If you want to hear about failure, though, I am your man. I can tell you about days without shaving because I didn’t want to look myself in the mirror. About the gallons of whiskey. About a trail of women. About a gun in my hand and being too cowardly to pull the trigger, not restrained by love of my own children, even, just fear of what comes after the recoil and flash.

Even now, in this sober and prayerful place, I have been reticent to write of these stirrings in my heart, because my heart is such a faithless instrument.

A falsity I embraced is that only righteous men can say good and true things. This misconception was one vein of a deep-rooted arrogance within me. I believed I was righteous and enlightened and God-ordained to speak truth. I believed I was more worthy than others to speak of noble things.

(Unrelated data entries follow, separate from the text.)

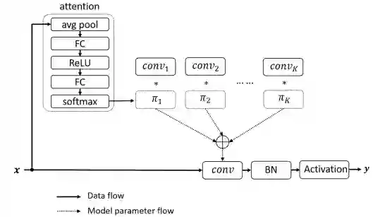 作者提出的动态卷积不会提升网络深度与宽度,相反通过多卷积核融合提升模型表达能力。需要注意的是:所得卷积核与输入相关,即不同数据具有不同的卷积,这也就是动态卷积的由来。
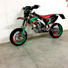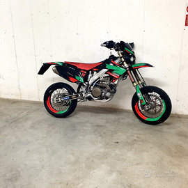 Omologata a libretto da HM Italia, monta inoltre scarico completo akrapovic in titanio, impianto freno anteriore completo magura radiale, cerchi hm racing motard, manubrio da 28mm reikon con raiser dedicati, plastiche nuove nere con grafiche replica castrol by Hyena, filtro aria nuovo, tagliando appena eseguito comprensivo di catena corona e pignone nuovi, valuto scambi o permute.
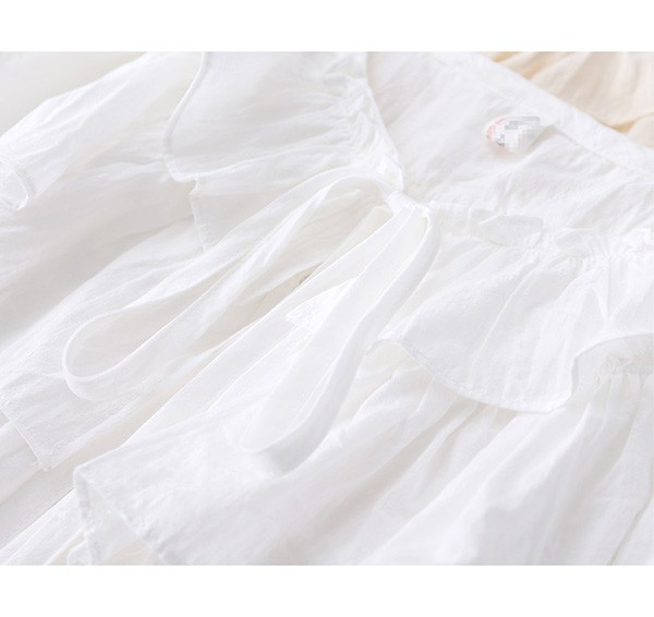 シアースリーブ ドッキングシャツ ボウタイシャツブラウス
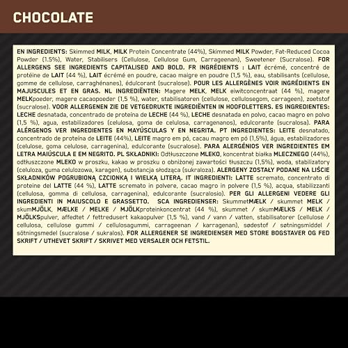 EN: INGREDIENTS: Skimmed MILK (75%), water, MILK protein concentrate (8.6%), fat-reduced cocoa powder (1%), flavouring, acidity regulator (trisodium citrate), stabilisers (gellan gum, carrageenan), sweetener (sucralose).
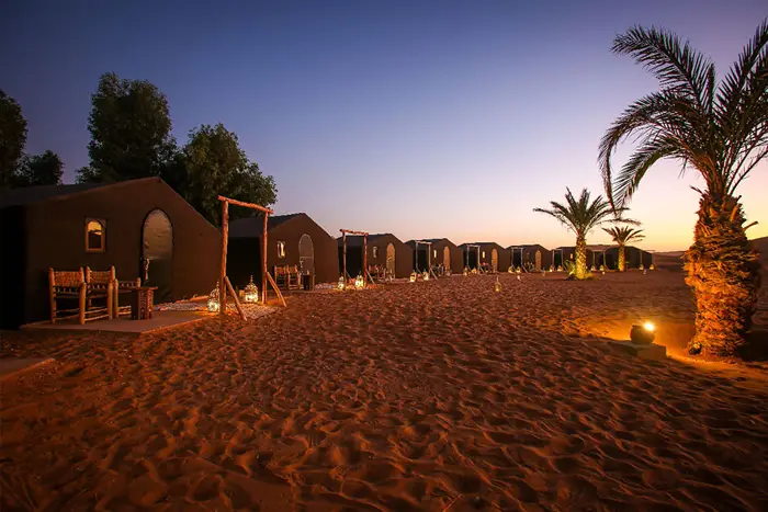 Llegada al campamento de lujo con haimas con baño privado, cena y música bereber bajo las estrellas.
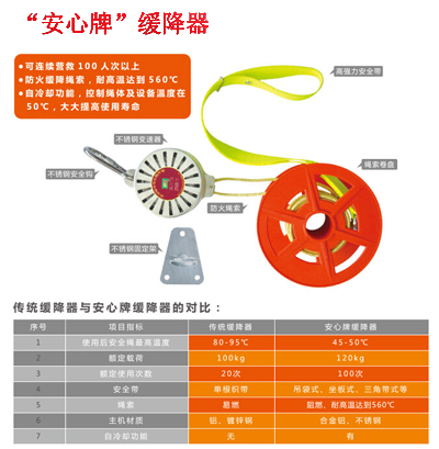 《發(fā)明夢工廠》欄目報道的“安心牌”自冷卻式緩降器,采用自冷卻技術(shù),使產(chǎn)品更加安全可靠,是高層住宅必備的逃生產(chǎn)品。該產(chǎn)品可連續(xù)營救100人次以上,防火緩降繩索耐高溫可達(dá)到560℃,自冷卻功能控制繩體及設(shè)備溫度在50℃左右,適用于200米以下高層逃生,獲山東省名牌產(chǎn)品、山東省安全生產(chǎn)科學(xué)技術(shù)進(jìn)步二等獎,入選國家安全生產(chǎn)“千項”產(chǎn)品推廣目錄,填補(bǔ)了國內(nèi)空白,達(dá)到國際先進(jìn)水平。
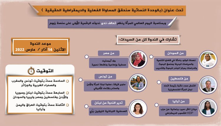 “بالوحدة النسائية سنحقق الثورة الديمقراطية”، تحت هذا الشعار نظم التحالف النسائي الديمقراطي الإقليمي في الشرق الأوسط وشمال أفريقيا أو كما يعرف باسم تحالف “ندى” ندوته الرقمية الأولى عبر تطبيق زووم، بمناسبة يوم المرأة العالمي.
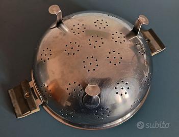 Scolapasta in acciaio inox. Diametro 23 cm. Altezza 11 cm. In buone condizioni complessive.
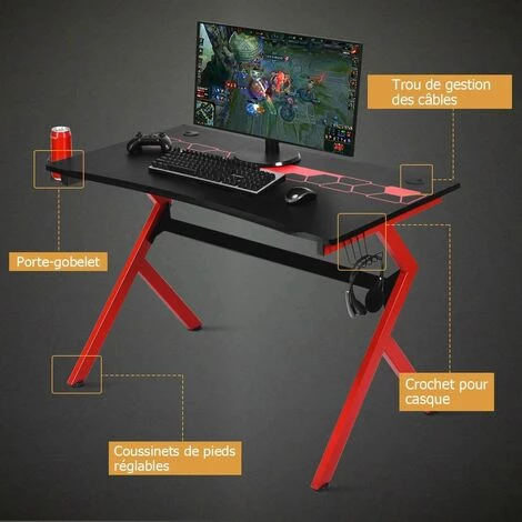 - 【Accessoires pratiques】 : Il y a un crochet pour casque et un porte-gobelet, vous permettant de placer le casque et le gobelet près de vous, pour un accès rapide et facile. De plus, deux trous pour la gestion des câbles permettent de mieux les organiser.
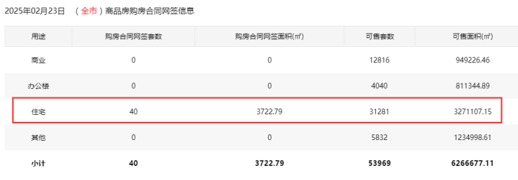 2025年2月23日新房购房合同网签40套。其中,宝安9套;福田1套;龙岗19套;罗湖0套;南山0套;盐田0套;龙华1套;坪山0套;光明10套;大鹏0套;深汕0套。

Of course that’s nonsense, insofar as whatever is pure and lovely and praiseworthy doesn’t originate with man. The worth of benedictions doesn’t reside in the purity of the speaker, but in the holiness of truth’s author. We make ourselves gods at every turn, don’t we?

There is beauty within this shattered creation. There are true and good things, and our struggle, every day, is not the truth of them, but the truth of ourselves. The words aren’t made worthy by us, but maybe, by God’s grace, we can be made more worthy of the words, and even by them, because good words are a blessing, which is why the priest or preacher or rabbi sends us out into the world with them humming in our inner hearts.

Logos is a name for Christ because creation was spoken into being. Some of that power conveys to us as well, because with our every word we build up or tear down, we soothe our brother or we flay him, we call into this earth either a heavenly aroma or pungent brimstone. God knows, we need more good words.

Which means they warrant utterance, it seems, even when they come from bad men. This world needs words freighted with gravity and grace, and I suppose it would be a sin not to speak them, even if we’ve never once in our lives measured up to their fullness.